Source material:
<<<<
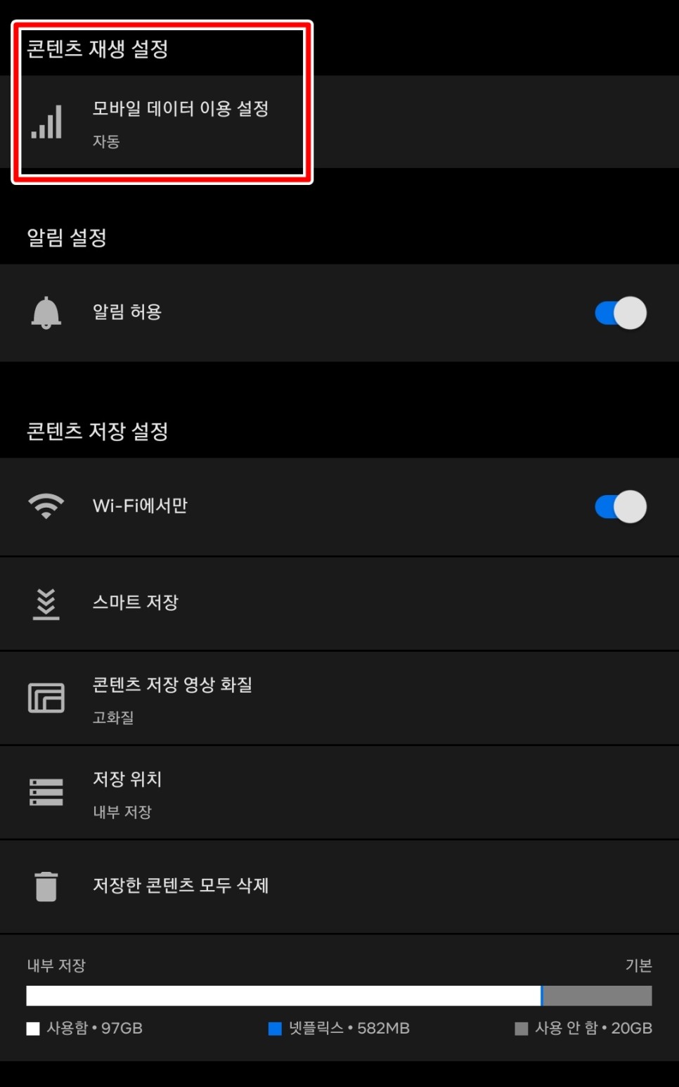앱 설정에서는 모바일 데이터 사용 제한이 가능하며, 오프라인 저장 관련 설정도 가능합니다.
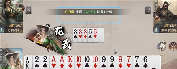 4、出牌后,因为名将技能是任意玩家出5张牌后,可获取JQK中一张卡牌,因此得到了一张卡牌,其他玩家出牌也同样获得。
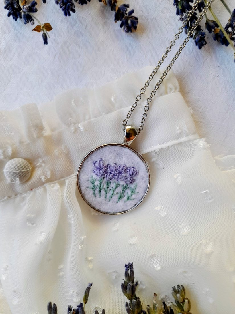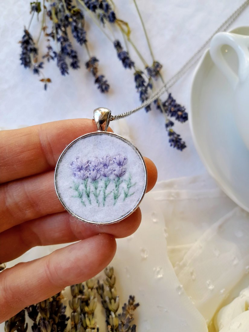 Delikatny, haftowany ręcznie naszyjnik z jasnofioletowymi gałązkami lawendy na białym tle. To jak słoneczny poranek z lawendowym zapachem w tle. Ucieszy wielbicielki kwiatowych romantycznych stylizacji.
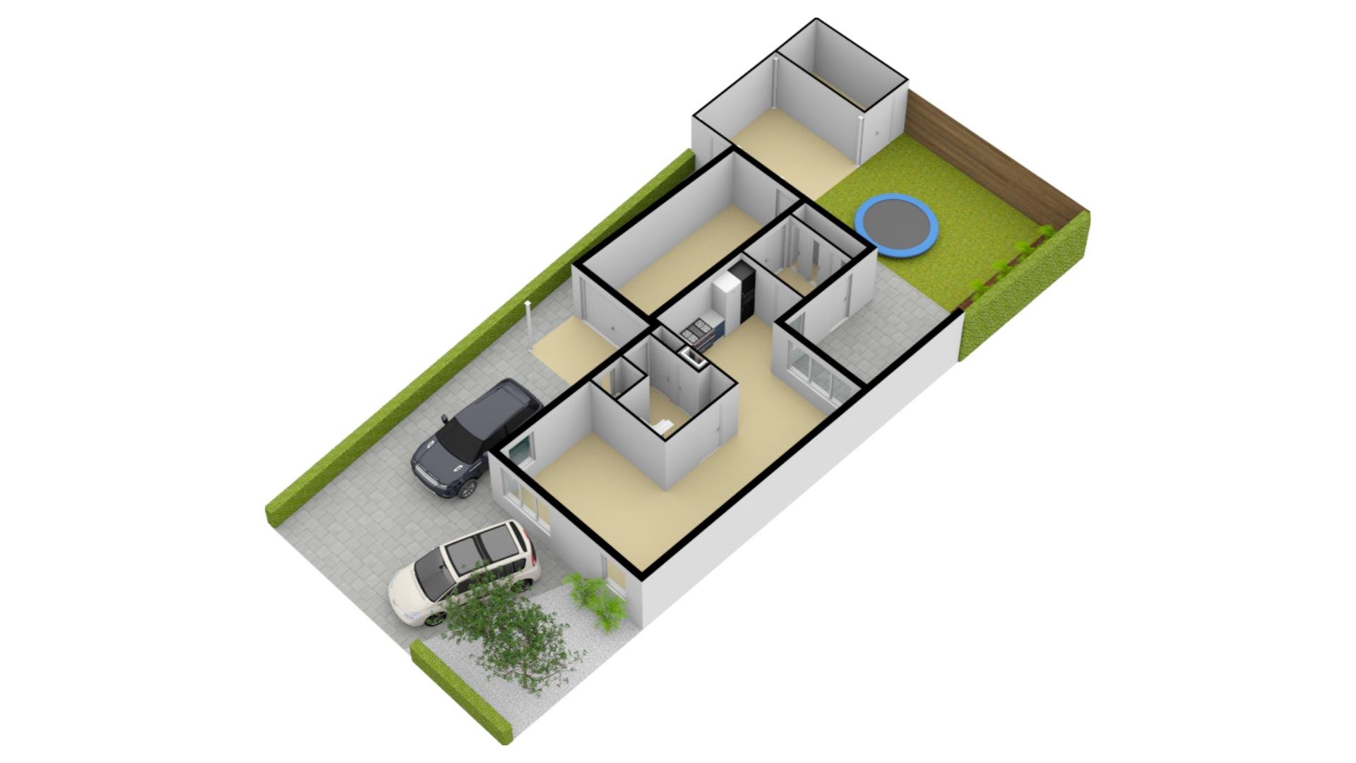 Het kunstgras met ingebouwde trampoline zal met name bij kinderen in de smaak vallen. Verder zit je relatief vrij in de tuin, mede door de leilindes die voor een groene buffer met de achterburen zorgen.
>>>>
Nothing but the lines from the line with "Delikatny, haftowany ręcznie" through the end of the listing should appear in the answer, each duplicated exactly, without pictures.

 Delikatny, haftowany ręcznie naszyjnik z jasnofioletowymi gałązkami lawendy na białym tle. To jak słoneczny poranek z lawendowym zapachem w tle. Ucieszy wielbicielki kwiatowych romantycznych stylizacji.
 Het kunstgras met ingebouwde trampoline zal met name bij kinderen in de smaak vallen. Verder zit je relatief vrij in de tuin, mede door de leilindes die voor een groene buffer met de achterburen zorgen.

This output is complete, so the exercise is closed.